Without electronic negotiable instruments these innovations and on-line efficiencies will not be as prevalent as they could be. Already banks like HDFC are offering a variation on this service where you can pay your bills through the ATM, but the bill pay sites are even more sophisticated.

Another thing lacking in the Bill is that it conveniently excludes the government from adopting the electronic age. While on one hand you have chief ministers of states like Andhra Pradesh and Karnataka busy talking about bringing the government to the people through the Internet by putting land records and government forms on-line and allowing people to interact with the government electronically, the IT Bill precludes the government from having to do anything electronically.

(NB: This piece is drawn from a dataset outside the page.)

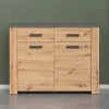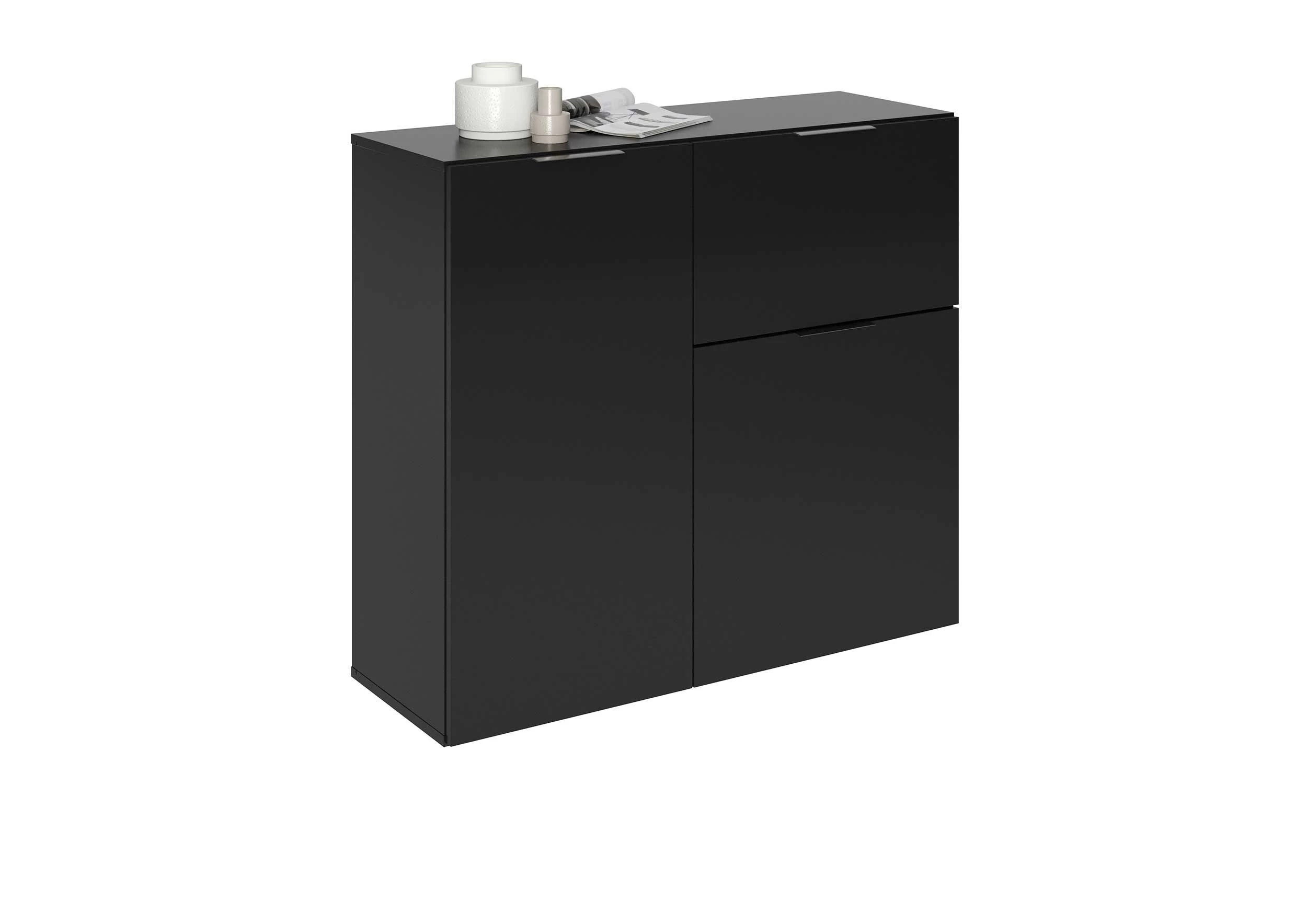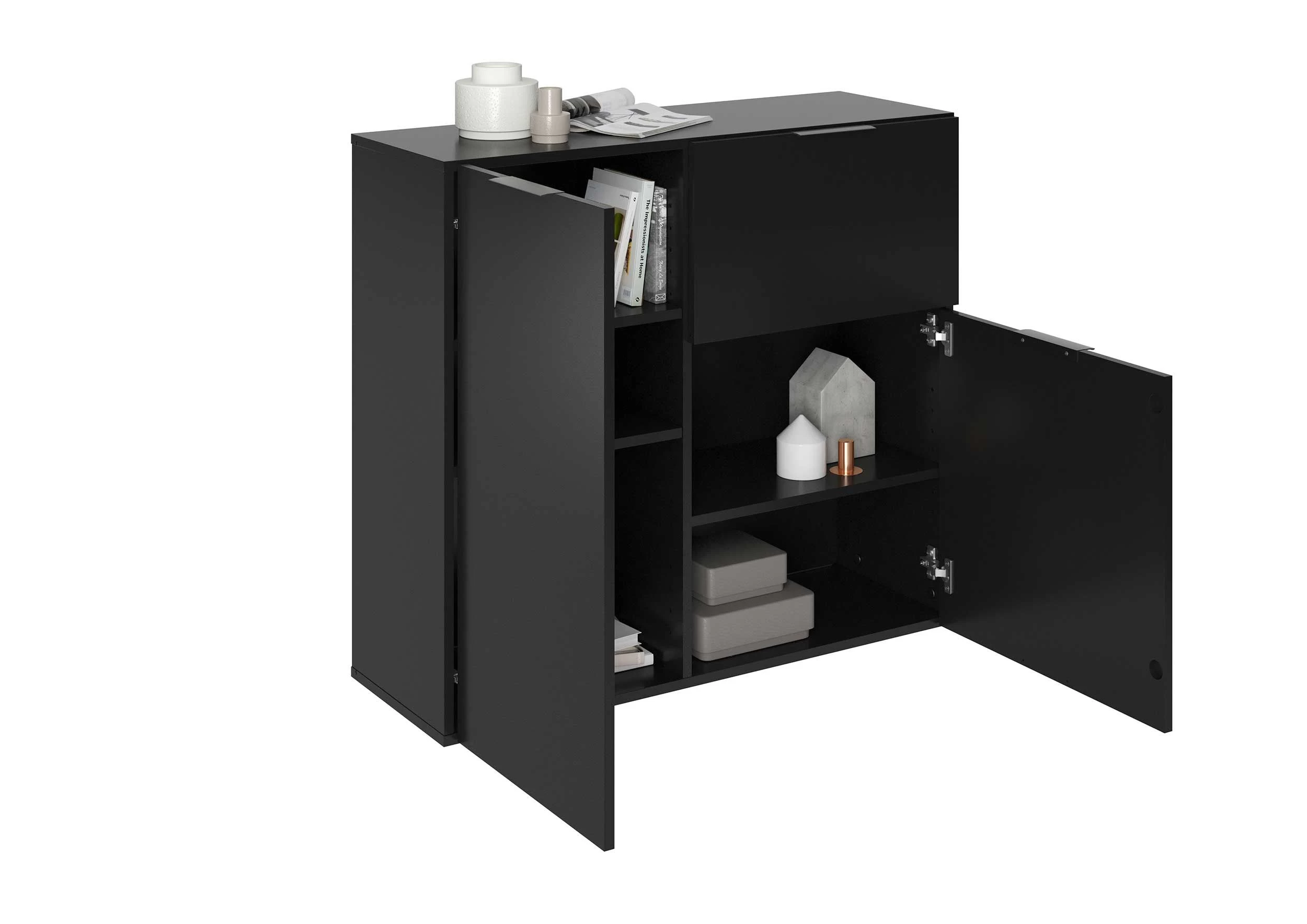 en zwarte afwerking. Deze commode bestaat uit een lade en 2 deuren. Achter de

The Bill states that no right vested in any person to insist that any government department, ministry or authority accept, issue, create, retain or preserve any document in electronic form. This gives the government and the bureaucracy a clean excuse never to do anything electronically to increase its efficiency. The regime of four copies, none of them carbons, seems set to continue. Perhaps this is not to anger further the public sector and government unions who would be set to protest against any move that reduced their numbers or made them more efficient and accountable to the public. Instead of not allowing computerisation of government, it could also be a cha-nce for unions to demand retraining to increase their skill levels and, maybe, even get a better job than the one in government!

It can not be over-stressed that at the beginning of the life of e-commerce, the less the regulation the better. In the US, e-commerce has exploded in the absence of over-regulation. Self-regulation has been the model to allow the sector to develop to its full potential. It is only now, four years after the process started, that the government is contemplating regulating certain aspects of privacy after seeing the first instances of corporate abuse of the information companies collect about their users on-line.

While there is perhaps no need to adopt the complete laissez-faire approach of the US, the Indian legislation could be more subtle, flexible, even nuanced. With the budget session in full flow, law-makers have to take some decisions. In Internet time. Otherwise by the time the rules of play are set, the game may be over.